Among the entries below, extract exactly the lines that run from the one with "Purple Wave is" through the one with "2022년 매출은 1조", both ends included.

### SOURCE MATERIAL:
---------------

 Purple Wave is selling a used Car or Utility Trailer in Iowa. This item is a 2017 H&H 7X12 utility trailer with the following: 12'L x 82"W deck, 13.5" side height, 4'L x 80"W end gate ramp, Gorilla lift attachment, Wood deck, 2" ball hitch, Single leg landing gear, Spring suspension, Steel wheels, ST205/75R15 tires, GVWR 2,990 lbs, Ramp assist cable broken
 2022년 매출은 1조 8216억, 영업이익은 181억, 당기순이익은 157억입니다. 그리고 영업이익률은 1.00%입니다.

---------------

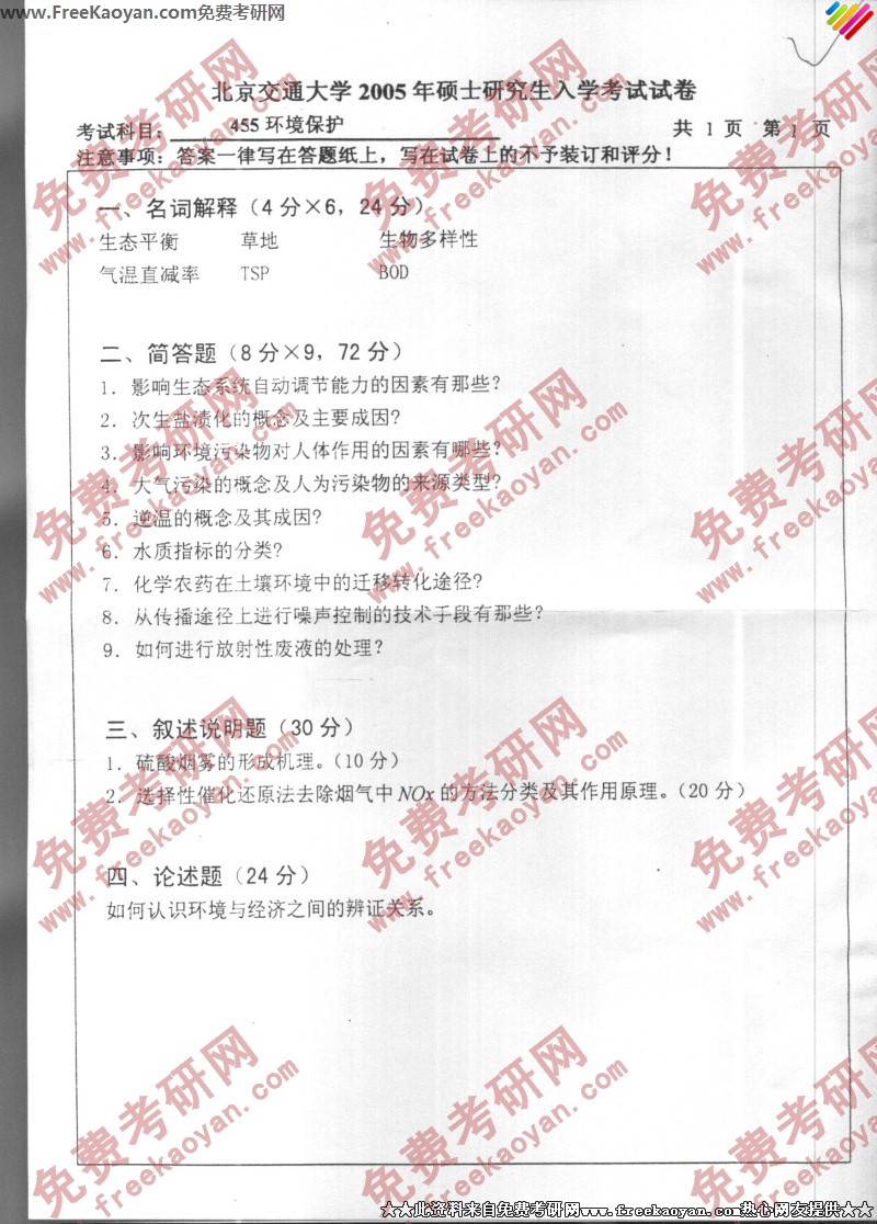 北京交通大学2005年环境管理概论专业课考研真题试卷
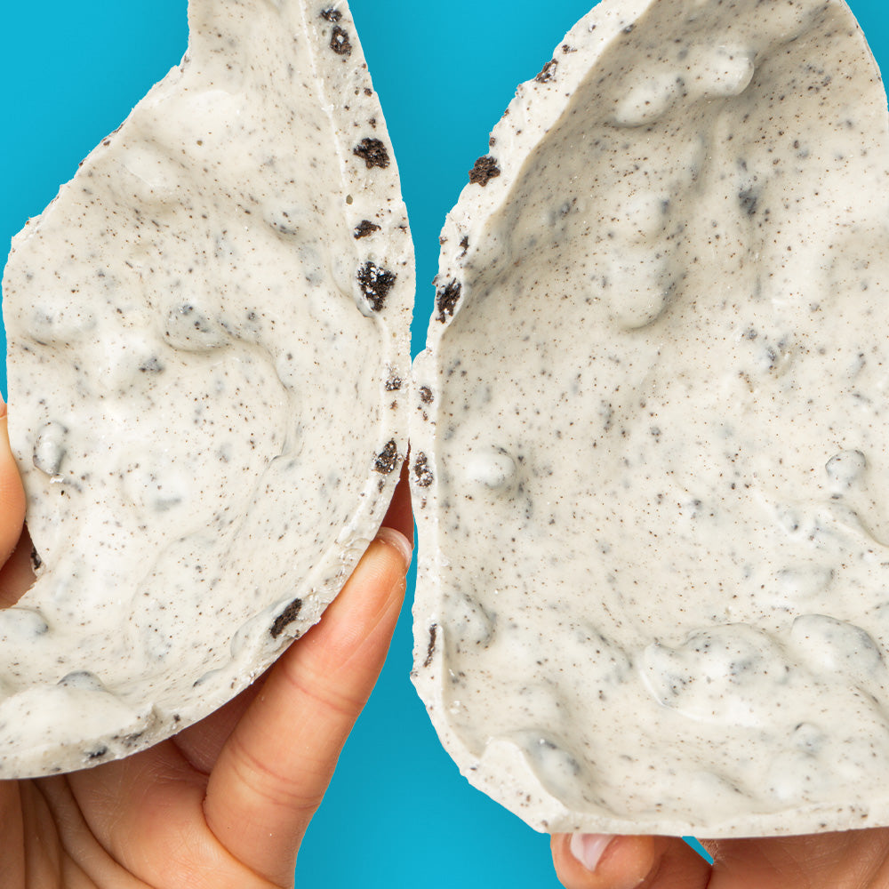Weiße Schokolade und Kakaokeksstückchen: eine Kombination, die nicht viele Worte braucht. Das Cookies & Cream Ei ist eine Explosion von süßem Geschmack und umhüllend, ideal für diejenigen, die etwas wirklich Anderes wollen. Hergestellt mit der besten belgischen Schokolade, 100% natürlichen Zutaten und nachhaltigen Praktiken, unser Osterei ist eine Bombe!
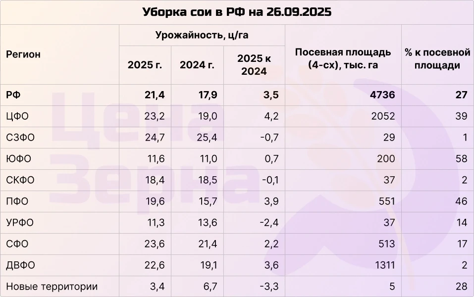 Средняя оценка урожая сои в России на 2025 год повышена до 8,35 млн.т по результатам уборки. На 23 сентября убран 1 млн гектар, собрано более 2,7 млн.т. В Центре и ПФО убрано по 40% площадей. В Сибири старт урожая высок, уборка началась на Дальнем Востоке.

---------------

### RESPONSE TO THIS TASK:
 Purple Wave is selling a used Car or Utility Trailer in Iowa. This item is a 2017 H&H 7X12 utility trailer with the following: 12'L x 82"W deck, 13.5" side height, 4'L x 80"W end gate ramp, Gorilla lift attachment, Wood deck, 2" ball hitch, Single leg landing gear, Spring suspension, Steel wheels, ST205/75R15 tires, GVWR 2,990 lbs, Ramp assist cable broken
 2022년 매출은 1조 8216억, 영업이익은 181억, 당기순이익은 157억입니다. 그리고 영업이익률은 1.00%입니다.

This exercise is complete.